What kinda kit do you have?? My kit reads differently than yours so its hard for me to judge. From what I have been lead to beleive, any nitrites are bad - you should keep them as close to zero as possible.


----------



## mlefev (Apr 19, 2005)

It's a tetratest laborett. I know nitrites are bad to have, but I'm just trying to figure out how this all works, since (being the blonde I am...lol j/k) finally read that it tests nitrItes, not nitrAtes.


----------



## Georgia Peach (Sep 23, 2005)

judging from the scale you posted - that number is pretty low.....your test kit should state what the readings need to stay under. Does it still read the same after a water change??


----------



## mlefev (Apr 19, 2005)

Mine says it needs to be under 0.8. That's what is striking me as odd, though. It has been 0 for ages, then after I did some stuff to the tank, it's up to a little less than 0.3. Ok, back to what's odd...I did a 20% water change yesterday because I had to get some yuck out of the bottom, and I tested the nitrites about 3 hours later and they're at the exact same level. 

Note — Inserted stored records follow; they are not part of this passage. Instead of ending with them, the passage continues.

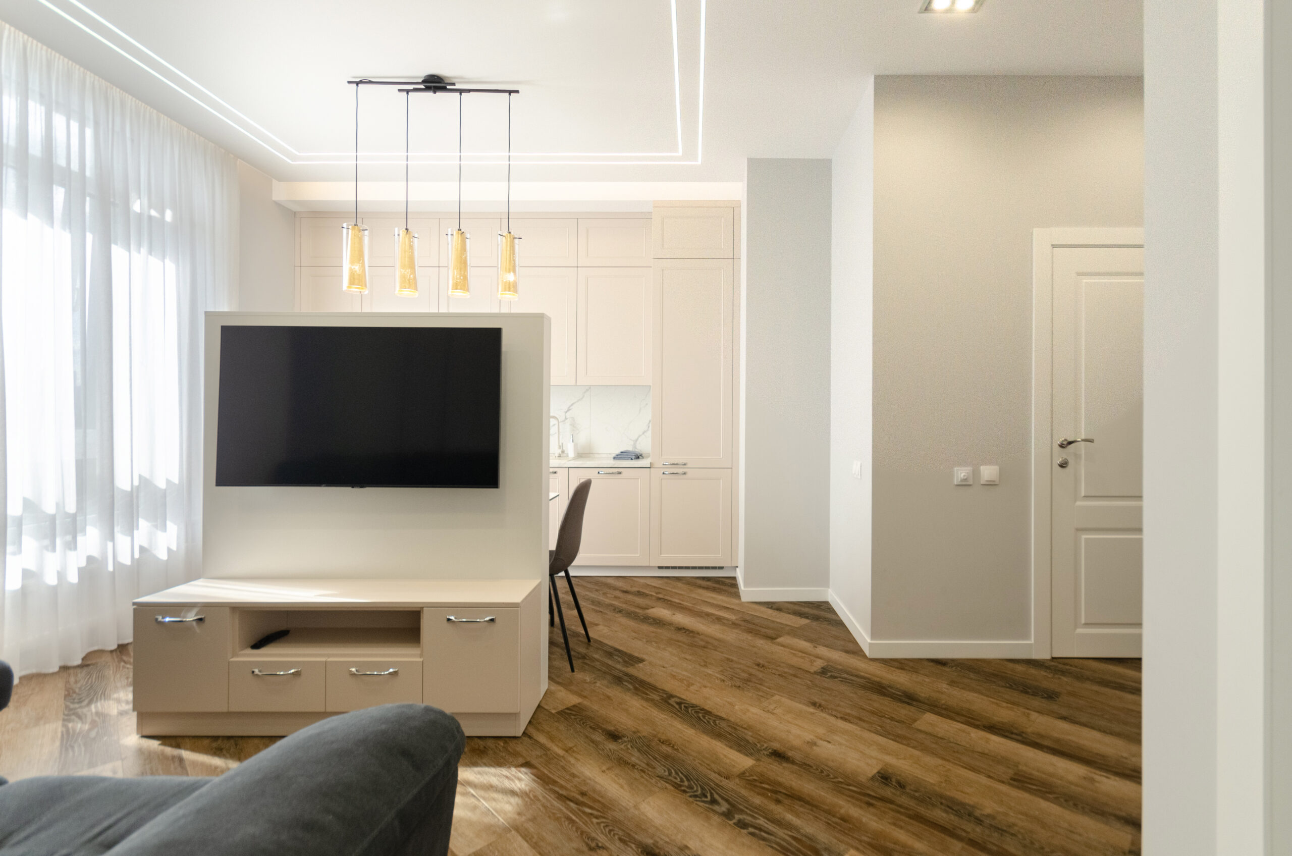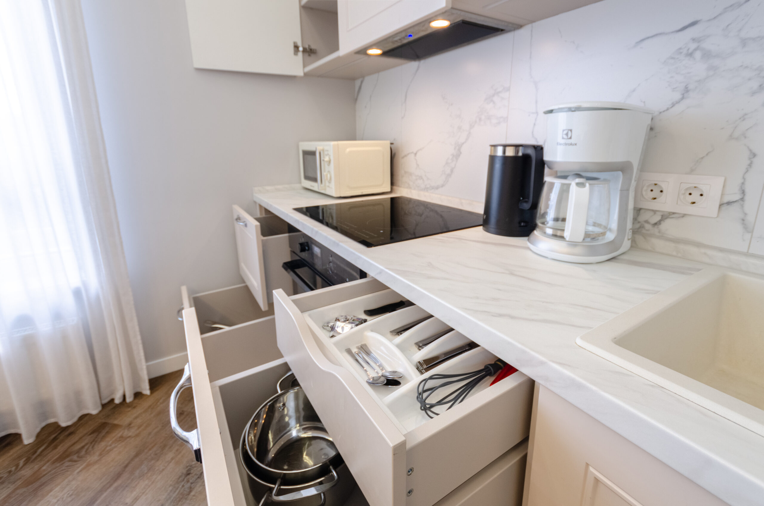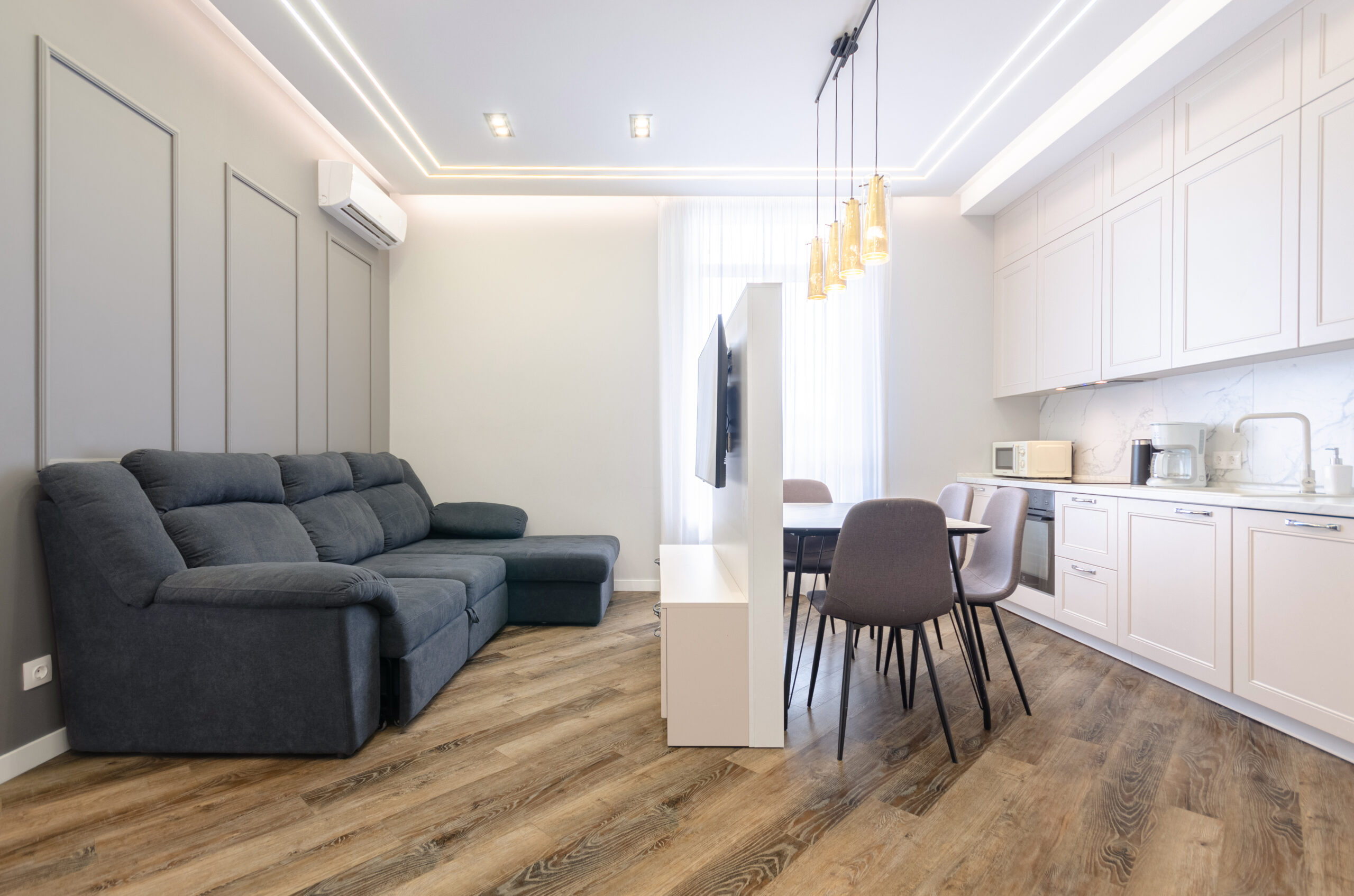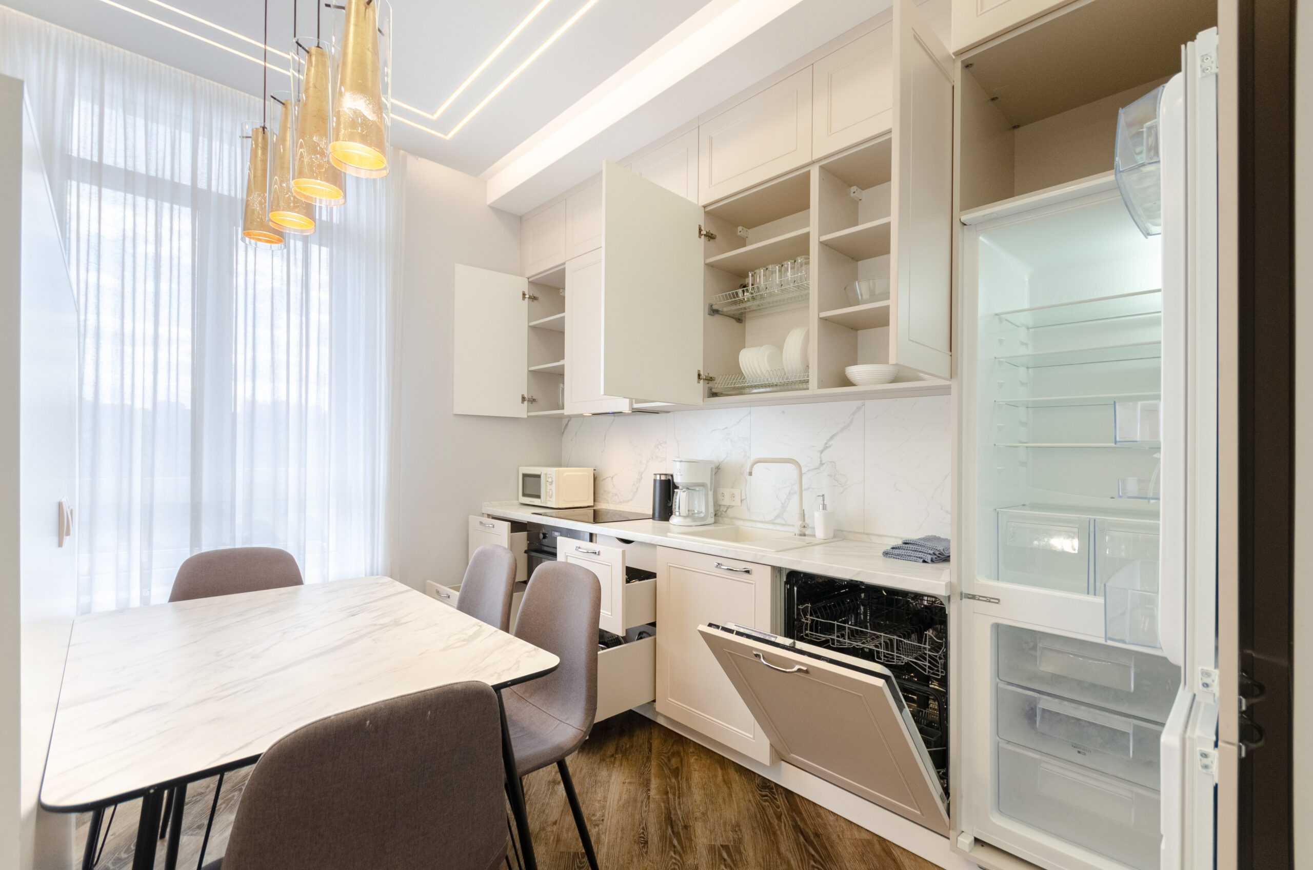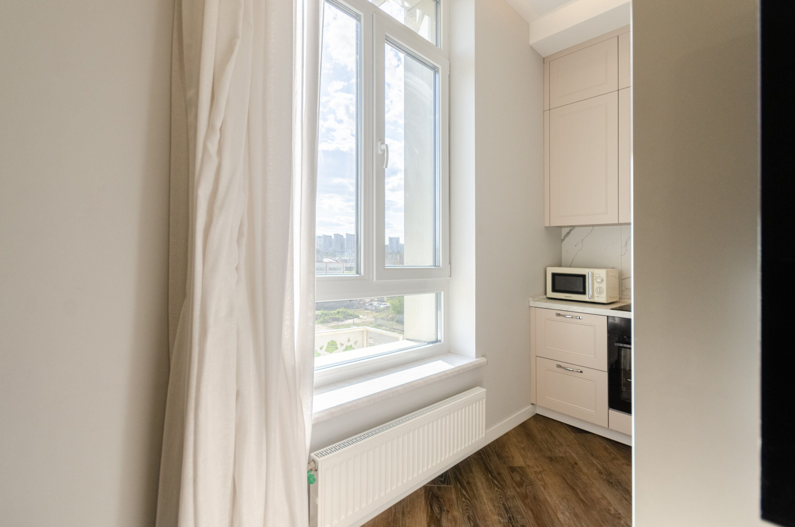 The apartment is fully equipped with everything necessary for a comfortable stay for any period.
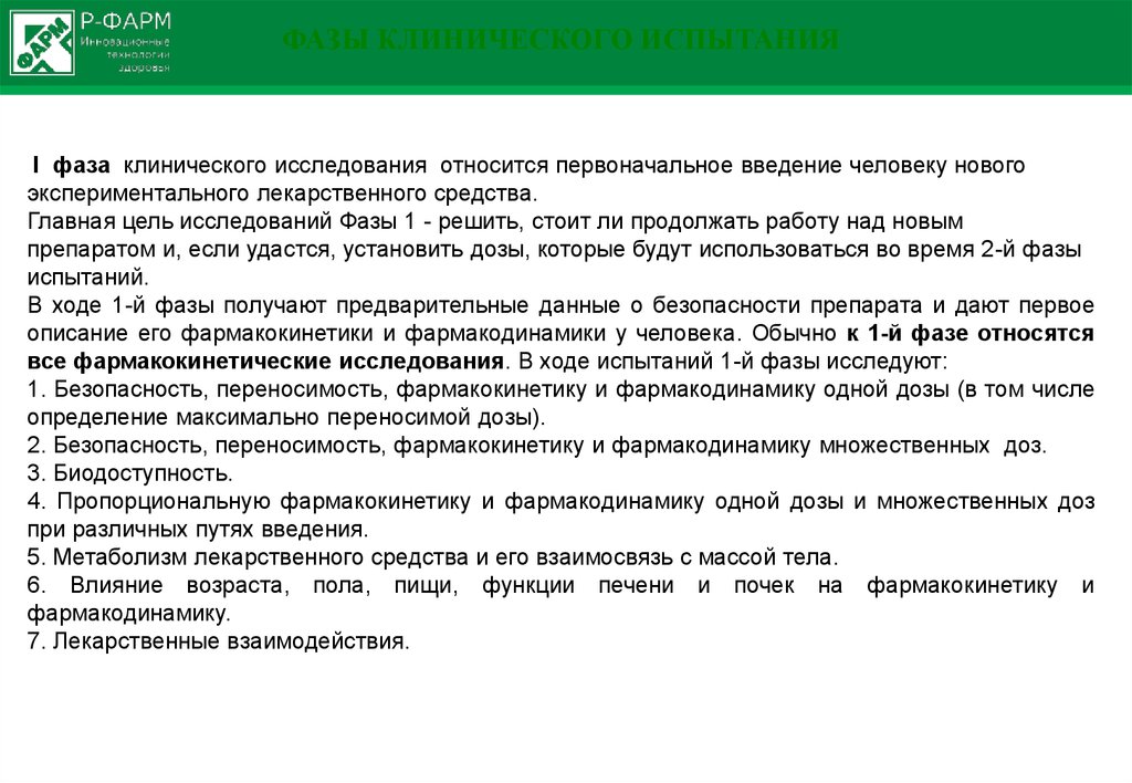 описание его фармакокинетики и фармакодинамики у человека. Обычно к 1-й фазе относятся
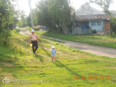 двое в панамках, прогулка с прадедом по селу
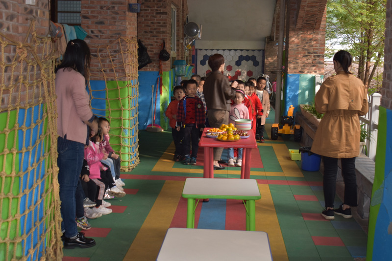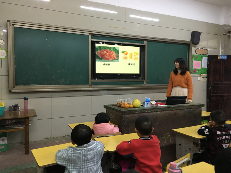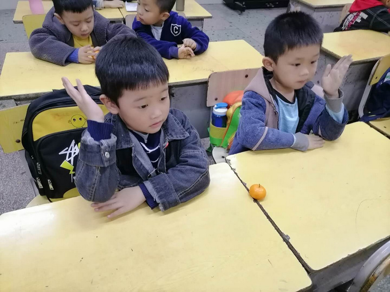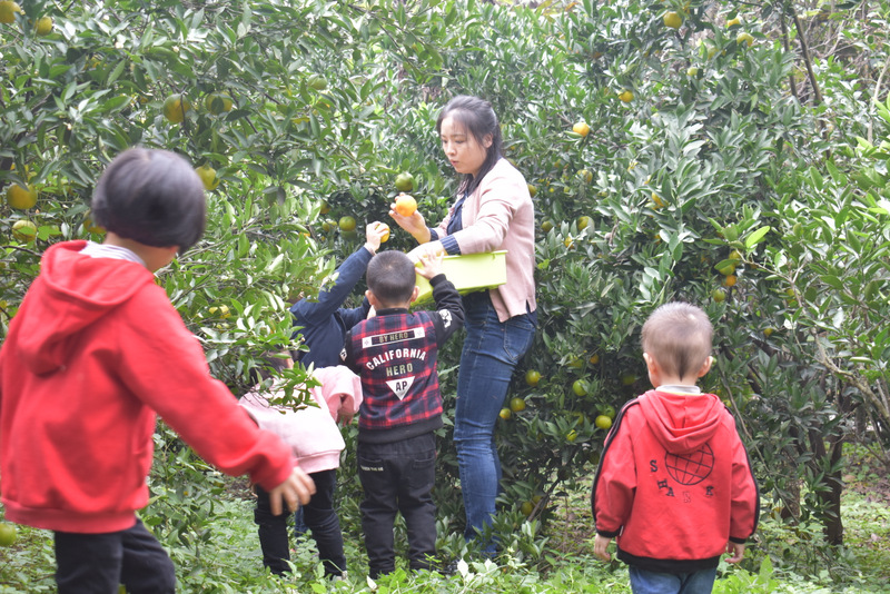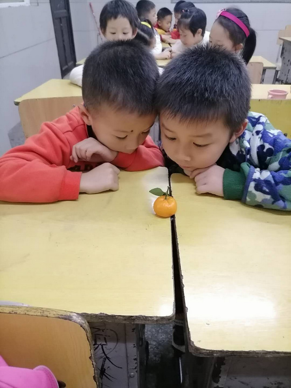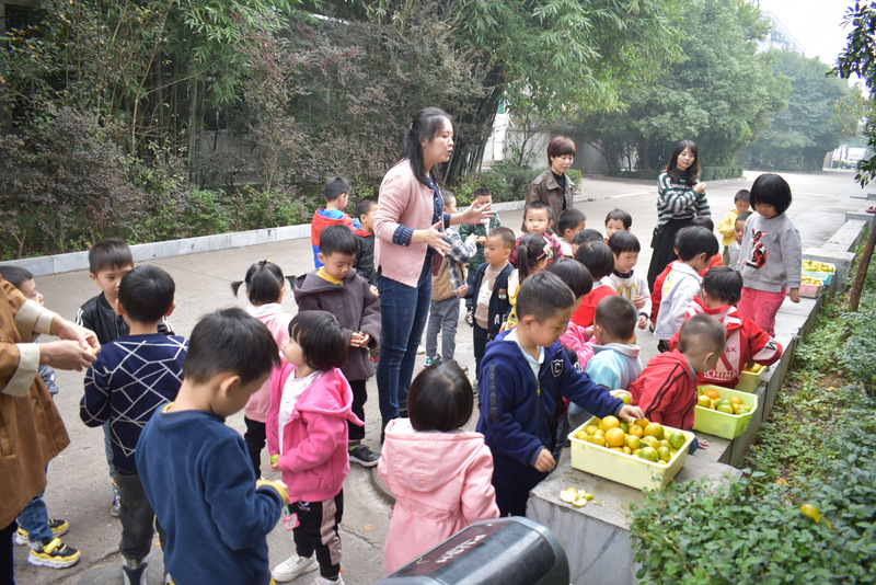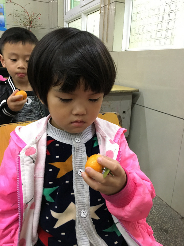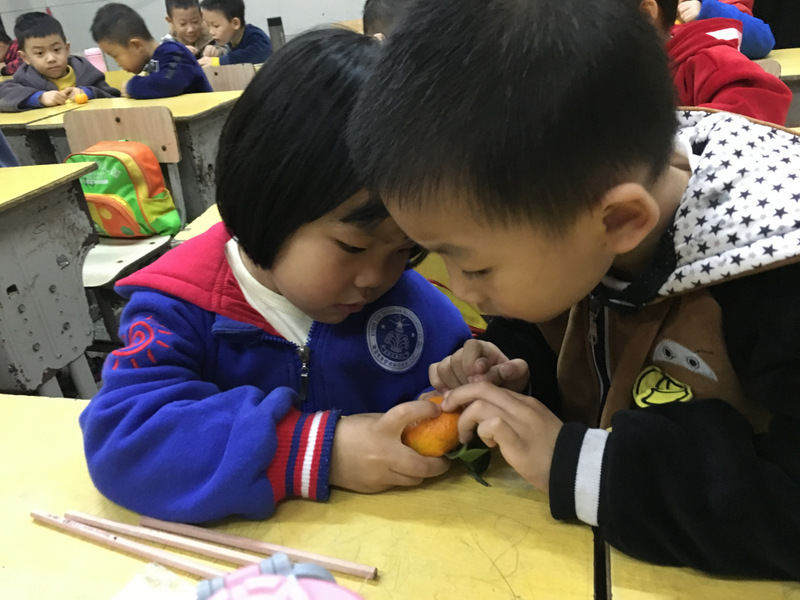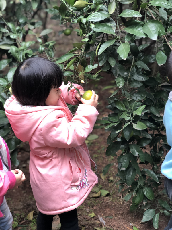 采摘之前,贺老师给大家上了一节生动的科学课——好吃的橘子。一节课下来,小朋友们通过仔细观察以及倾听老师的讲解,对橘子的外形有什么特点、分为哪几部分、都有一些什么种类、它有什么功效及作用有所了解。比如,白白的须须叫做橘络,它可以帮助我们止咳化痰,橘子可以分为砂糖橘、贡桔、金钱橘、蜜橘等等。
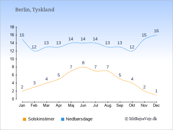 Graferne viser det gennemsnitlige antal solskinstimer i Berlin pr. dag samt det gennemsnitlige antal dage med nedbør i Berlin sammenlignet med København.
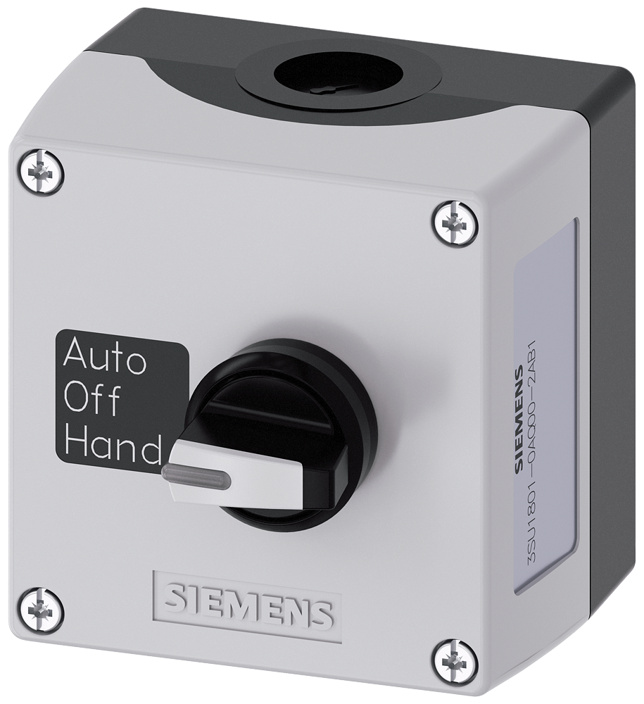 Enclosure for command devices, 22 mm, round, enclosure material plastic, enclosure top part gray, 1 control point, A = selector switch, black, metal 2 switch positions, momentary contact, 1 NO, spring-type terminal, floor mounting, support terminal, without label, 1xM20 each on top and bottom Enclosures SIRIUS ACT for mounting the 22.5?mm pushbuttons and indicator lights for separately allocated control units and cabinets.Under the brand name SIRIUS ACT, Siemens offers a unique portfolio of pushbuttons and signaling devices with global product approvals in three modern design lines of rugged genuine metal and high-grade plastic.An innovative snap-on concept makes the task of installing a unit so easy that it can be done with one hand and without any special tools. Groove-free holes are adequate as mounting holes since full twist prevention is already integrated.Thanks to the high degree of protection throughout, the rugged devices are suitable for use in industry and outdoors. Even cleaning with a high-pressure jet is possible. Neither dust, oils, nor caustic solutions can interfere with reliable operation.As well as standard wiring, the devices can also be connected to the controller via PROFINET, AS-Interface or IO-Link. Doing so will help you to reduce wiring time and effort, minimize error sources and have more flexibility.The graphical Online Configurator provides convenient support when selecting and ordering individual devices, enclosures and labels. Extensive documentation (e.g. manual, 3D data, terminal diagram) is available.Versions available: Yellow/gray, plastic/metal, 1-6 command points, empty enclosure/pre-equipped, optionally with AS-Interface connection.SIRIUS ACT - Performance in action for control and signalling. Simply mounted, simply strong, simply perfect.
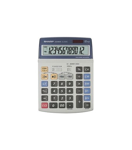 Der SHARP EL-2125C Tischrechner grau/blau – unverzichtbarer ZahlenexperteDer SHARP EL-2125C Tischrechner grau/blau ist ein unverzichtbares Werkzeug für schnelle und genaue Berechnungen in Ihrem Büro oder Geschäft. Platzieren Sie das praktische Gerät einfach an Ihrem Arbeitsplatz, um es immer parat zu haben.Mit SpeicherDie gut lesbare Anzeige erfolgt über ein LCD-Display (12-stellig). Darüber hinaus ist das Display klappbar, weshalb es allen Arbeitssituationen flexibel angepasst werden kann. Dank des 4-Tasten-Speichers können Sie Zahlen für eine spätere Nutzung bequem zwischenspeichern. So bleibt kein Ergebnis offen oder geht verloren.Effiziente StromversorgungDie Nutzung des Geräts ist energieeffizient: Dafür sorgen Solarzellen. Aber auch der Batteriebetrieb ist möglich. Der Artikel verfügt außerdem über eine automatische Abschaltfunktion, dank der Sie nicht unnötig Strom verbrauchen.Vorteil ProzenttasteDurch Drücken der 00-Taste können Sie zwei Nullen hinzufügen. Sie können mit der Prozenttaste Prozentsätze eines Wertes ausrechnen oder Prozentsätze zu einem Wert addieren oder davon abziehen. Das Modell verfügt zudem über diese praktischen Funktionen:WährungsumrechnungSteuerberechnungAbschaltautomatikDank der Währungsumrechnung können Sie bequem Beträge zwischen unterschiedlichen Währungen umrechnen. Dank der Steuerberechnungsfunktion können Sie im Handumdrehen die fällige Steuer für einen gegebenen Betrag berechnen und ausweisen. Erleichtern Sie Ihren Alltag!Damit Sie gleich beginnen können, erhalten Sie die Lieferung des SHARP EL-2125C Tischrechners grau/blau inklusive 1 Knopfzelle LR44. ...
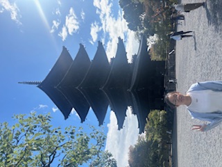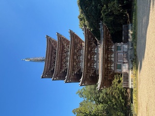 車で近くまで行くと、五重塔がどんどん迫ってくるような迫力があった。駐車場からもどこからも一目で見える存在。どうしてこんなに存在感があるのかと思ったら、高さが55mもあり、日本最高とのこと。境内のどこからでも見えたが、仏様が安置され作り込まれた内部まで見学できて感動した。

I guess I should just leave it alone, and see if they go back down, or if that's the new norm.


----------



## Georgia Peach (Sep 23, 2005)

well, they are still low enough that they wont harm the fish - your test kit might be out of date - have you had it long?? Does it have an expiration date on it anyplace??


----------



## Damon (Jan 18, 2005)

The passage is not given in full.